= José Ramón Zaragoza =

Spanish painter (1874–1949)

Self-portrait (date unknown)

José Ramón Zaragoza Fernández (16 March 1874, Cangas de Onís - 29 July 1949, Alpedrete) was a Spanish painter, primarily known for genre scenes and female portraits.

== Biography ==
He began his studies at the School of Arts and Crafts in Oviedo with Ramón Romea y Ezquerra. In 1892, he entered a work in the National Exhibition of Fine Arts for the first time. In the Exhibition of 1897, he earned an honorable mention for "The Lesson". That same year, he received a grant from the Diputación de Asturias and was able to enroll at the Real Academia de Bellas Artes de San Fernando, where he studied with Luis Menéndez Pidal.

He was further honored at the Exhibitions of 1901, when he was awarded a Second Class prize for "A Sick Child", which drew its inspiration from a poem by José Caveda y Nava, and 1906, when he received another Second Class prize for "Orpheus in Hades".

Thanks to another grant, from the Spanish government, he was able to study at the Spanish Academy in Rome from 1904 to 1910. Later, he painted in Paris and London, and travelled through Brittany, the Netherlands and Germany. These travels produced four works that he presented at the Exhibition of 1915; one of which, the "Portrait of Mr. Th. S." (Thomas Stanton), achieved his long-sought First Class prize. He would participate in the Exhibition once more, in 1920, with a portrait of Pío Baroja and a work called "Blue Eyes".

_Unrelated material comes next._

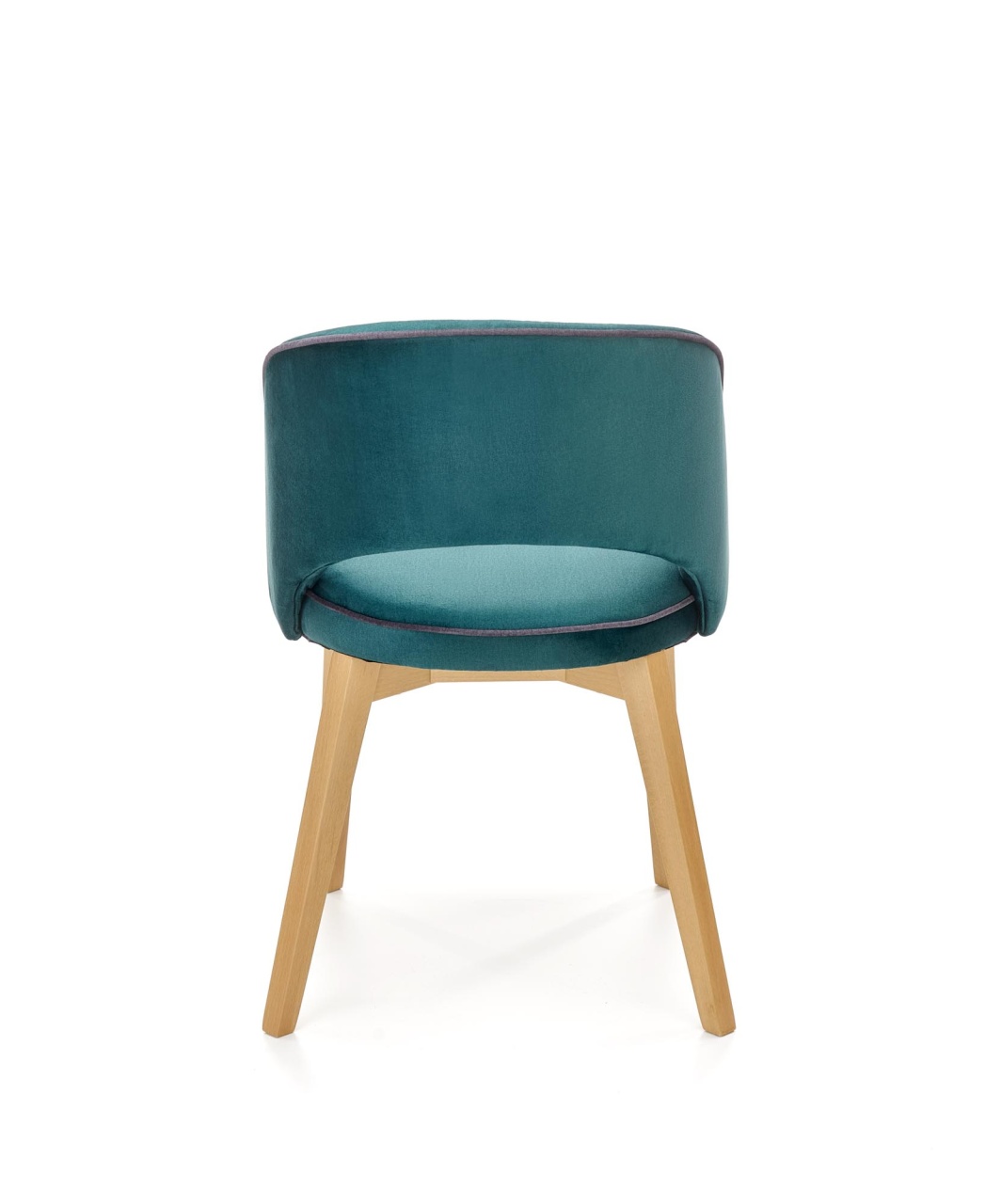 Scaun tapitat Marino Scaunul tapitat Marino este un scaun deosebit de elegant, este simplu si elegant, fiind in trend cu cerintele contemporane in materie de mobilier. Materialul folosit este de inalta calitate care asigura o utilizare indelungata si rezistenta sporita. Datorita picioarelor din lemn este un scaun durabil si foarte stabil, fiind potrivit pentru interioarele moderne si clasice. Dimensiuni: Latime: 51 cm Adancime: 57 cm Inaltimea totala: 78 cm Inaltimea sezutului fata de sol: 47 cm Detalii tehnice: Cadrul este realizat din lemn masiv de fag Tapiteria este confectionata din catifea Culoare: Verde / Stejar Honey Asamblare: Produsul nu este montat. Asamblarea este rapida si usoara.

He also exhibited internationally; receiving a silver medal at the Internationalen Kunstausstellung in Munich (1913) and an honorable mention at the Paris Salon of 1914.

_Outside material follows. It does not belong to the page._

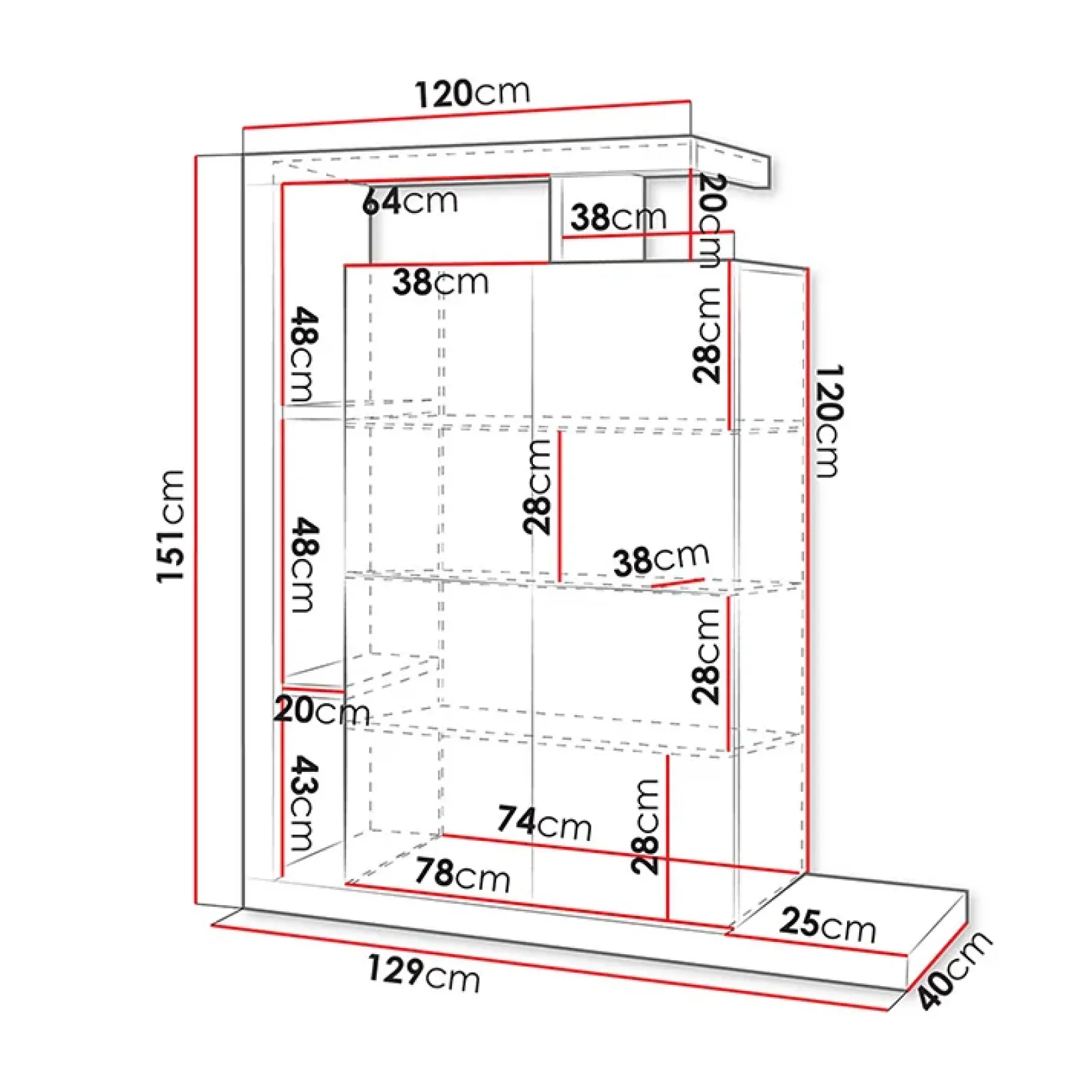 - dimensioni: L.129 x H.151 x P.40 cm

In 1923, he held a solo exhibit at the Museo de Arte Moderno (Madrid), with twenty-eight works. Two years later, he won a competition to paint three ceiling panels at the new headquarters of the Círculo de Bellas Artes. In 1928, he was named a professor at the School of Arts and Crafts in Madrid and, in 1930, passed a competitive exam among former grant holders to become a professor of painting at the Real Academia. He was elected a member candidate there in 1948, but died before he had formally accepted the position.

The Potter

The Real Instituto Jovellanos of Gijón held a major retrospective of his works in 1976. A similar exhibition was held in 1977, by the Círculo de Bellas Artes. The largest number of his works may be seen at the Museum of Fine Arts of Asturias.